Mitt Romney, who made millions buying and selling companies for a private equity firm, pays an effective tax rate that is lower than a family earning less than $70,000.
“It’s probably closer to the 15 percent rate than anything,” Romney told reporters in South Carolina Tuesday, when asked about his taxes.
The Bain Capital founder and current GOP presidential front-runner has been under pressure to release his tax returns. Romney is estimated to be worth as much as $264 million. If he had earned all that cash from salaried work, he would likely be in the top federal tax bracket of 35 percent.
But because private equity partners and hedge fund managers make most of their money from carried interest — a cut of profits off investments that are taxed at the lower 15 percent capital gains rate — the Romney household likely pays a lower overall tax rate than many middle class American families.
Not all of Romney’s earnings are taxed at the capital gains rate: The $374,328 in speaker’s fees that the former Massachusetts governor disclosed in his candidate financial disclosure filing will likely be taxed at the higher 35 percent rate when he files in April.

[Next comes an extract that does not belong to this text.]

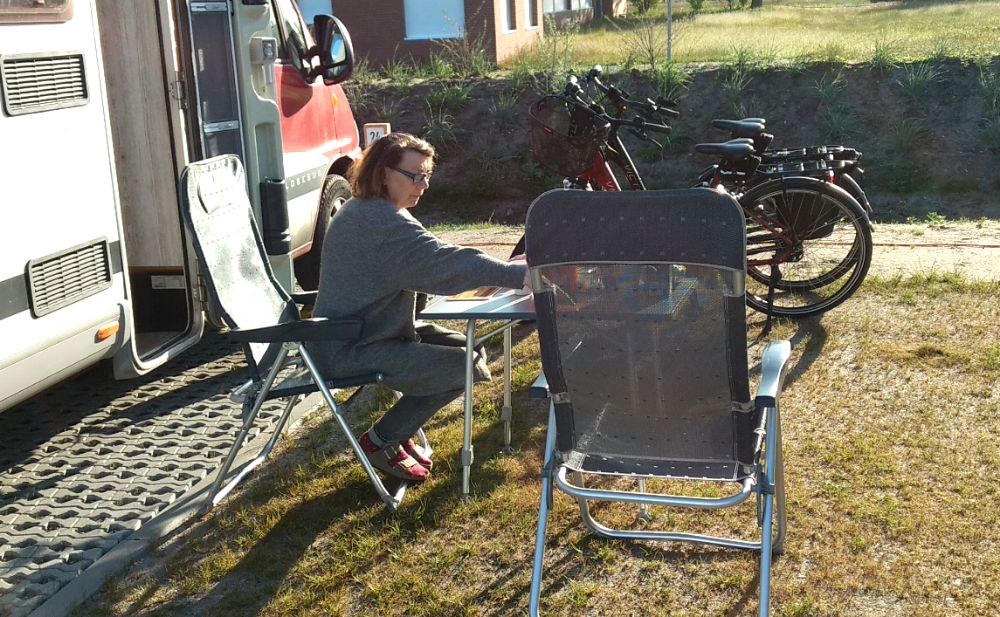 Nachmittags können wir dann am Womo in der Sonne sitzen. Der Stellplatz ist mittlerweile ausgebucht!

Romney told reporters Tuesday that the money he made from his paid appearances was “not very much,” a quote that has already found its way into an attack ad from American Bridge, a Democratic-aligned super PAC.
Even before admitting his low tax rate, Democratic groups had targeted Romney over the carried interest loophole. In October, the Democratic super PAC American Priorities renamed it the “Romney Rule” after an analysis from the advocacy group Citizens for Tax Justice estimated that Romney paid a rate of 14 percent.
Romney’s exact tax rate will remain a mystery until he makes public his federal income tax returns, a move most recent presidential candidates have voluntarily made.
Fellow GOP presidential hopeful Newt Gingrich has promised to release his taxes by Thursday, two days before the upcoming South Carolina primary. Romney will only release his in April after filing his 2011 returns, he said Tuesday.
Other venture capitalists have succeeded in paying even less than the 15 percent capital gains rate.
Todd Dagres, a former partner at private equity firm Battery Ventures, managed to use the carried interest loophole to avoid paying income tax altogether in 2003 despite earning $3.5 million that year. This loophole, which critics say allows the rich to get richer, has enraged Occupy Wall Street protesters, hundreds of whom converged on the Capitol Tuesday to protest the role of money in politics as the House returned from recess.
“My income comes overwhelmingly from investments made in the past,” Romeny added in the Tuesday press conference. He may have been referring to the lucrative retirement package he secured when he left Bain Capital, the private equity firm he helped found in 1984.
Romney left Bain in early 1999, but continued to collect profits on deals made by the firm through February 2009, the the New York Times reported in December.